This week, designers begin to show their spring 2015 collections in New York. It’s the start of the season, a solid month of over a thousand catwalk shows. I head to New York on Friday – by the end of the month in Paris, I will have seen about 120 labels’ presentations and around 6,000 individual outfits.

Daunting numbers. Here’s another: of all those, I estimate that only a dozen designers really count. Not in terms of shifting clothes – they all do that, with varying degrees of success. But when it comes to shifting fashion, the real game-changers are few and far between. The rest frequently just add a few frills to old ideas and gussy them up as something new.

It’s always been the way. Look at a specific period in history, and despite the proliferation of designer names, only a handful change the direction of fashion.

Back at the end of the eighties John Fairchild, then publisher of Womenswear Daily and W magazine, narrowed it down to six in his book Chic Savages. From them, he said, “all fashion hangs by a golden thread... they show the rest of the industry where to go.” He nominated Vivienne Westwood, Yves Saint Laurent, Giorgio Armani, Karl Lagerfeld and the now rather odd Emanuel Ungaro and Christian Lacroix. In 1989, however, they were the dernier cri.

I’m not sure it would be possible to pinpoint just six today – fashion is a far bigger business, our style fragmented from the pouf ‘n’ pad single-mindedness of the 1980s, the last time we saw designers as dictators. There are a multitude of styles, themes and silhouettes on offer today. And besides, I’m not sure how much I agree with Fairchild’s assertion of just those six. What about Rei Kawakubo of Comme des Garcons (incidentally, one of the designer dozen who always count for me)? Or Azzedine Alaïa, whose body-consciousness had already influenced a generation of designers and whose work continues to be prolifically copied although he no longer presents a formal catwalk show as part of fashion week? And where was Gianni Versace?

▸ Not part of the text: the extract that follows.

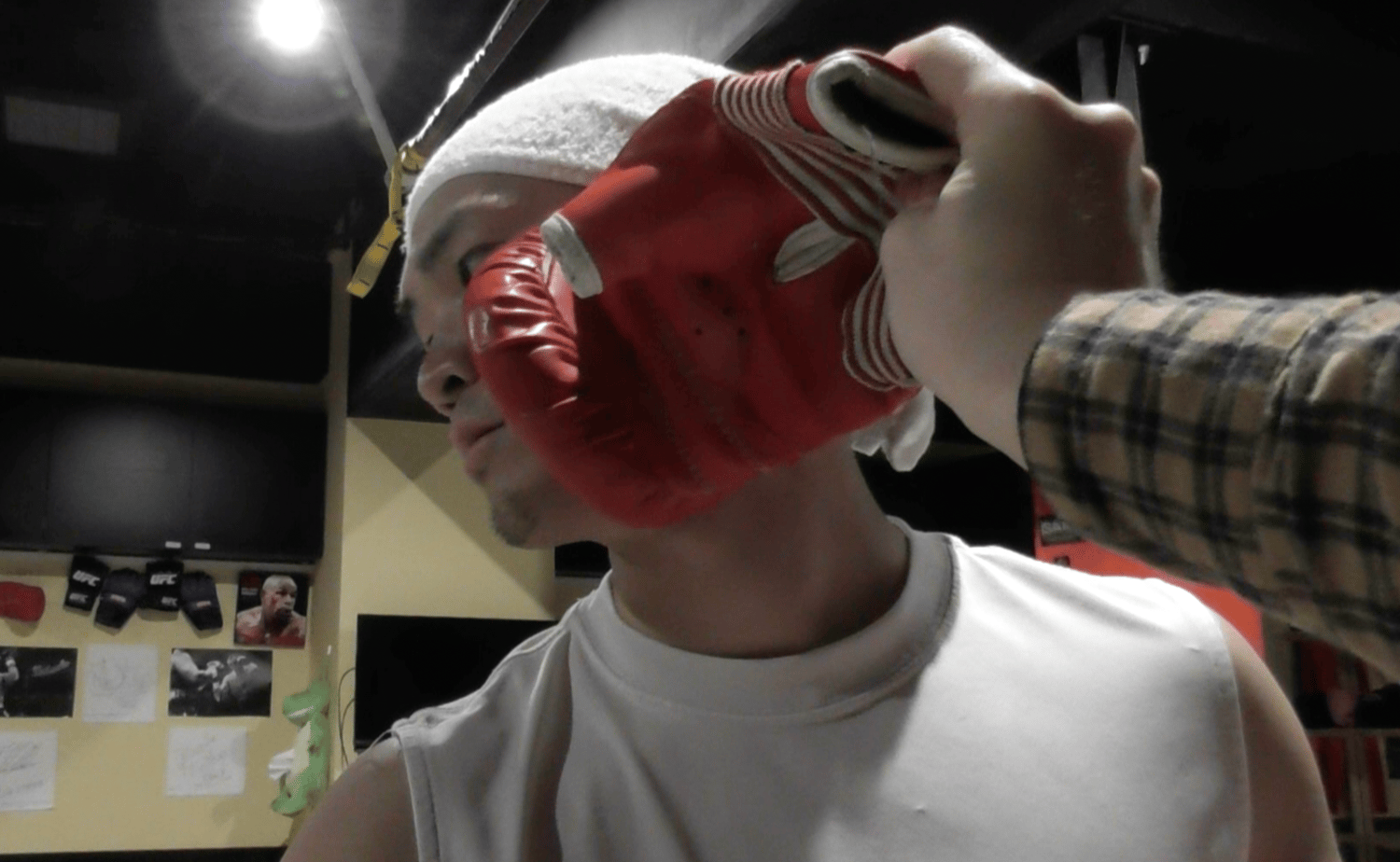 Daiki is practicing boxing when timestopped. He is frozen several times while punching a punching bag, put on the floor like a mannequin and timestopped while punching at the camera.

Circa right now, who are the designers that really count? Who should you be looking at – at least, in my opinion? At the opening of a fashion season, stating that is a bit of a gamble. A designer is only as good as their last collection. In my estimation, the most interesting of the decade thusfar invariably include Miuccia Prada, Christopher Kane, Rei Kawakubo, Raf Simons and Nicolas Ghesquiere at Louis Vuitton. They’re the ones the rest of the industry watch season after season, the leaders in an industry packed with sheep. They’re the ones that matter.